A normal healthy liver appears smooth on Ultrasound, with no apparent rough texture or nodularity. The edges are smooth also. The echotexture is described as "homogeneous "while a cirrhotic liver often is described as "heterogeneous". The echogenecity of a normal liver is "hyperechogenic". Other than that, the size is described as being within nomal limits or not. The spleen is also decsribed in size as being normal, since often cirrhosis is accompanied by changes in the size of the spleen (the spleen can become enlarged because, in some cases, it is sequestering platelets, which is one of several reasons platelets can be low in cirrhosis). The normal liver appears dull or just neutral. A fatty liver appears bright or shiny on an ultrasound. If your ultrasound was a Doppler ultrasound, it will also give you info on the speed at which blood is flowing through your portal trunk. Cirrhotic livers have slow speeds. I think the cut-off is 16 cm/s. Best of luck to you.

Margolia profile image
Margolia

Thank you very much for taking your time to respond. This is exactly what I was looking for.
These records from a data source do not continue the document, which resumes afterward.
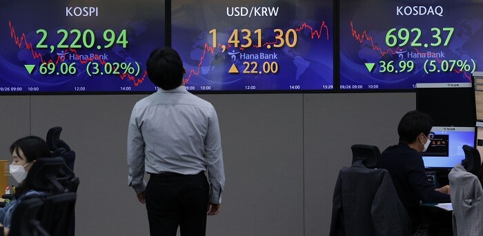 26일 코스피와 코스닥지수는 각각 3%, 5% 폭락했고 계속된 강달러에 원/달러 환율은 1430원을 돌파했다. 국고채 금리도 폭등했다.
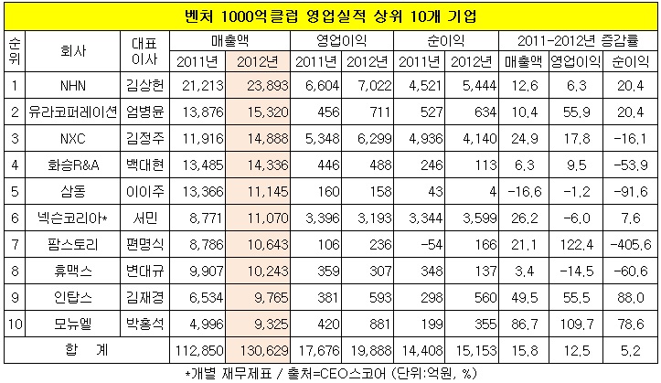12일 재벌 및 CEO 기업 경영성과 평가사이트인 CEO스코어(대표 박주근)에 따르면 벤처기업으로 출발해 '매출 1천억 클럽'에 가입한 329개 업체 가운데 NHN이 지난해 매출 2조3천893억 원으로 1위를 기록했다.
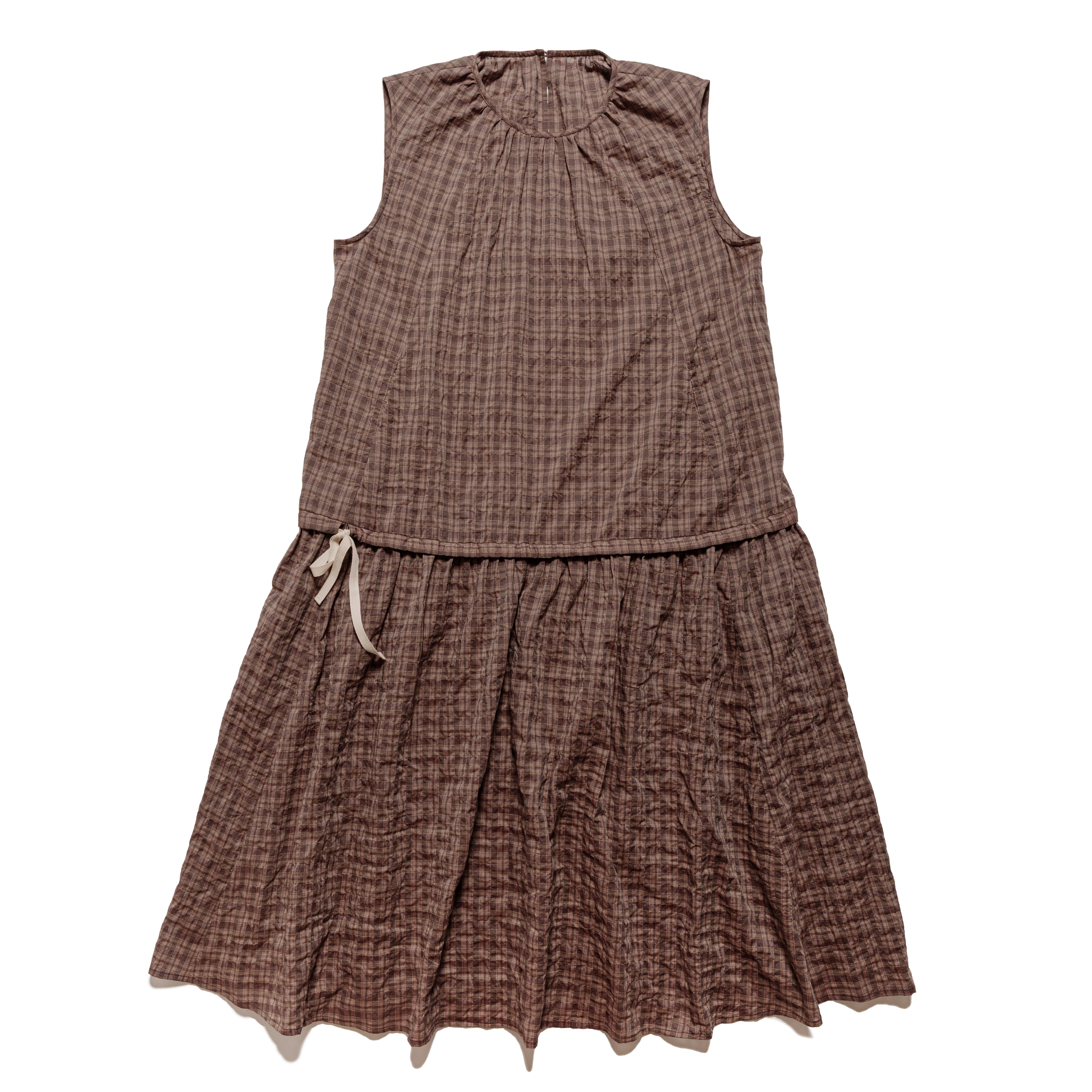 This full length dress has a relaxed, flared fit. Subtle gathers at the neckline and waist add volume to the dress, with a contrast drawstring at the low waist, allowing the wearer to cinch in the silhouette. Style lines flare down the dress with inseam pockets at the waist.
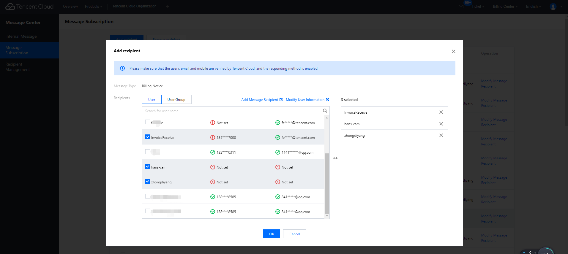 お客様の請求料金データの安全性を保証するため、請求通知の受信者変更はセンシティブな操作であり、認証が必要です。ユーザーまたはユーザーグループ情報を追加または変更する場合は、ユーザーと権限に移動できます。
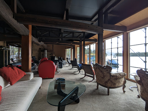 智恩寺の参道沿いにあるカフェです。注文カウンターでドリンクや料理を注文し、事前に支払いを済ませます。出来上がった料理やドリンクは席まで運ばれますが、食後のトレイや食器は返却用カウンターに返却する必要があります。給仕されるドリンクには、コーヒーや紅茶の他、アルコール類や天橋立周辺地域ならではのドリンクなど多岐に渡りますが、料理はハンバーガーのみで、その内の1つには宮津バーガーとして認定されている、イワシのオリーブオイル漬けをパティにした『サーディンバーガー』があります。 店内は広く、席数も充分にあります。とても開放的な空間で、海に面した方の壁面はほぼ全面的にガラス張りになっており、外からの光が充分に入り、まるでオープンテラス席のような雰囲気になります(勿論このカフェは天候を気にせず利用できます)。なお、店内は仕切り(及び段差)で2つに分けられており、注文カウンターが無いスペースは通常時は利用できないようになっています(楽器類が置かれているため、イベント時のみ解放されるのかもしれません)。 給仕される料理やドリンクの質はいずれもよいのですが、ハンバーガーは値段の割にやや小さいような印象を与えます。また『サーディンバーガー』は割とクセの強い味付けになっているため、好みが分かれるかもしれません。 ドリンクや料理の他、キーホルダーなどのグッズも販売されています。
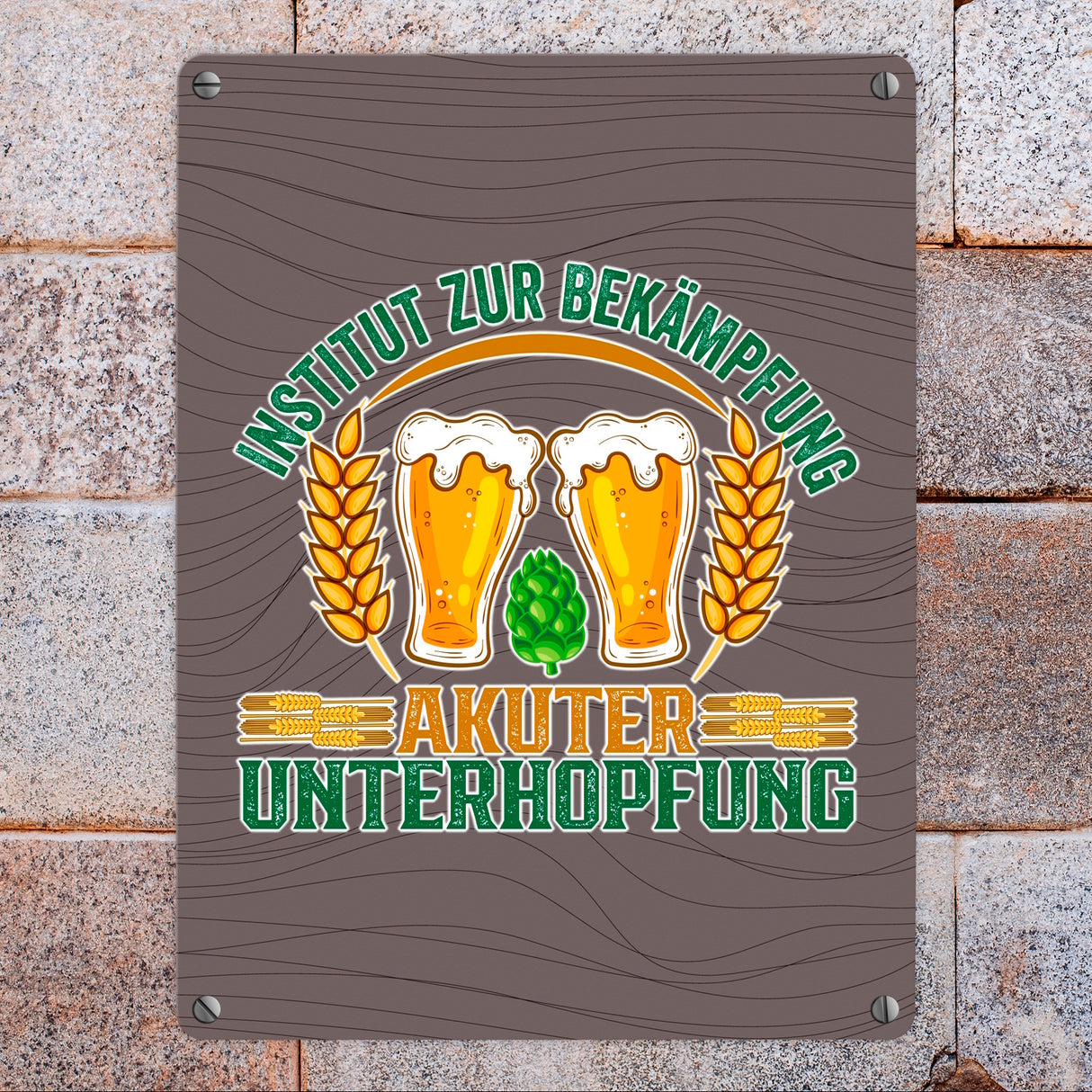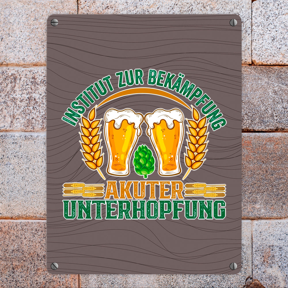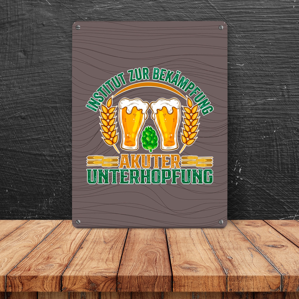 - Kaufen Sie jetzt das Bier Metallschild mit Spruch "Institut zur Bekämpfung akuter Unterhopfung" und überraschen Ihren Mann mit einem witzigen Geschenk zum Geburtstag!
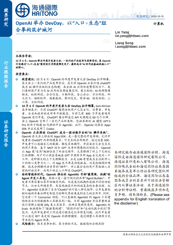 【海通国际】【202510】OpenAI举办DevDay,以“入口十生态”组合拳构筑护城河-11页
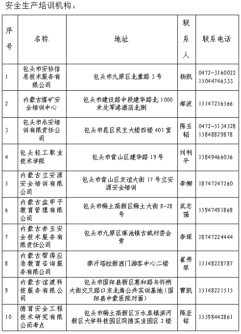 为进一步加强和规范安全生产培训机构、考试点管理,按照《开展安全生产资格证书涉假与特种作业人员安全技术培训考核专项治理异地交叉执法检查的通知》《安全生产培训机构基本条件》(AQ8011-2023)文件要求,目前我市10家培训机构和3家考试点符合开展安全生产培训和安全生产考试的条件。现公示如下:
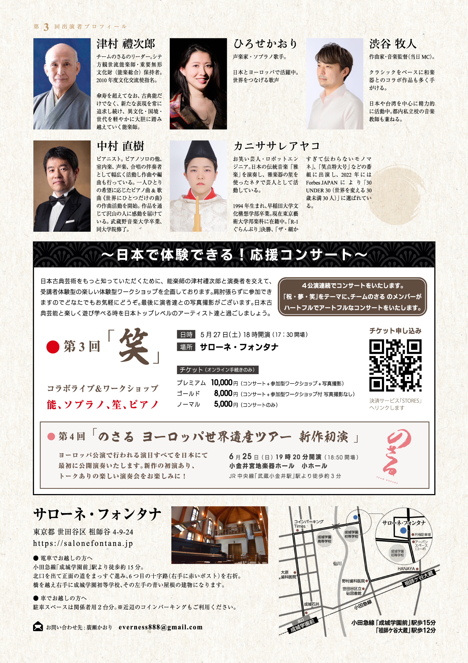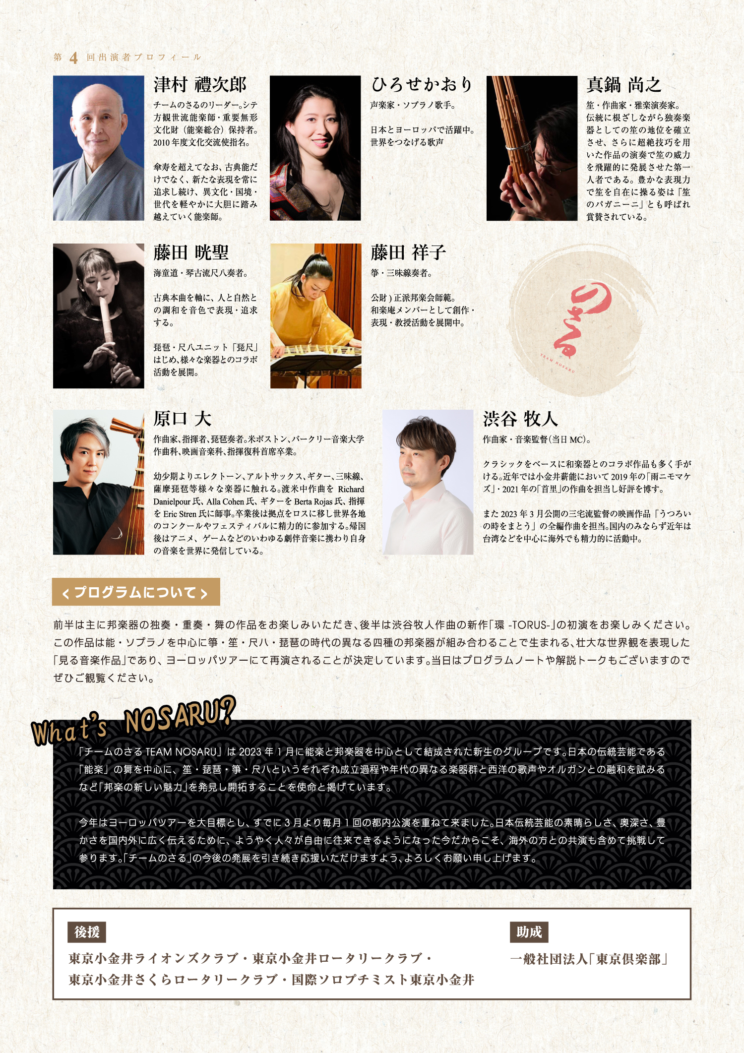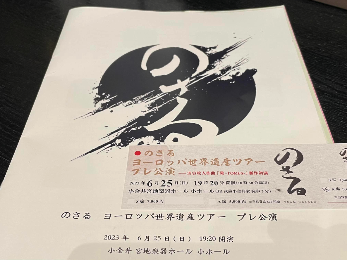 またゲストとしてピアニストの中村直樹さんにもご出演いただきますので、どうぞお楽しみください。それでは「のさる」をぜひ今後とも応援いただき、コンサートをお楽しみください。なおこのコンサート収益はヨーロッパツアーのための準備資金として活用させていただきます。
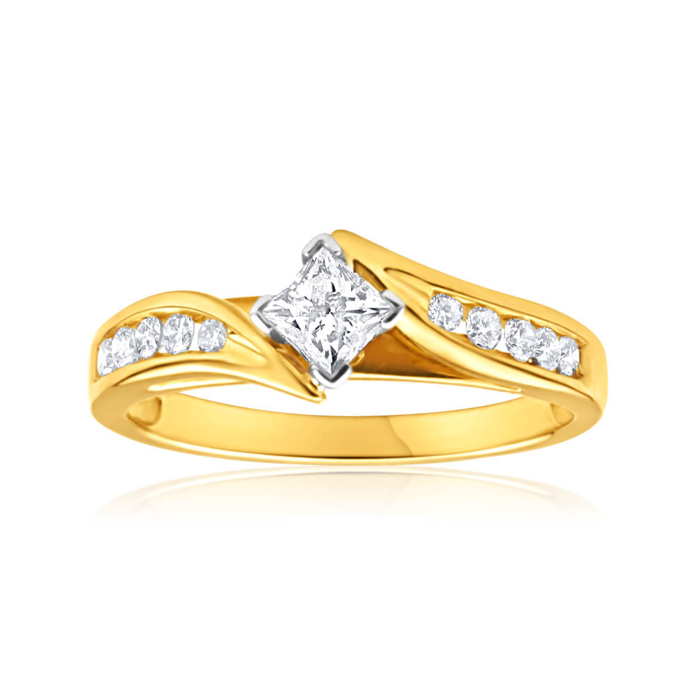 9ct Yellow Gold & White Gold Ring With 1/2 Carat Of Diamonds

It has now been confirmed that I have severe fibrosis which will be treated as an early cirrhosis for cancer screening purposes which I am glad to do without the need to constantly ask for US test which may or may not be performed depending on GP mood. I am definitely not happy with the diagnosis but I have what I have, so this is just one of the few positive things that I have gained from it. 🙂

muffins7 profile image
muffins7

Hi Margolia, did you have a drop in platelets with severe fibrosis?

Margolia profile image
Margolia

Hi: I have had a severe drop down in platelets, hemoglobin, albumin when I had acute hepatitis which warranted blood transfusion. Once I recovered, the blood count stabilized at wnl levels. So even though I have the fibrosis, at this point of time it doesn't affect my blood test results.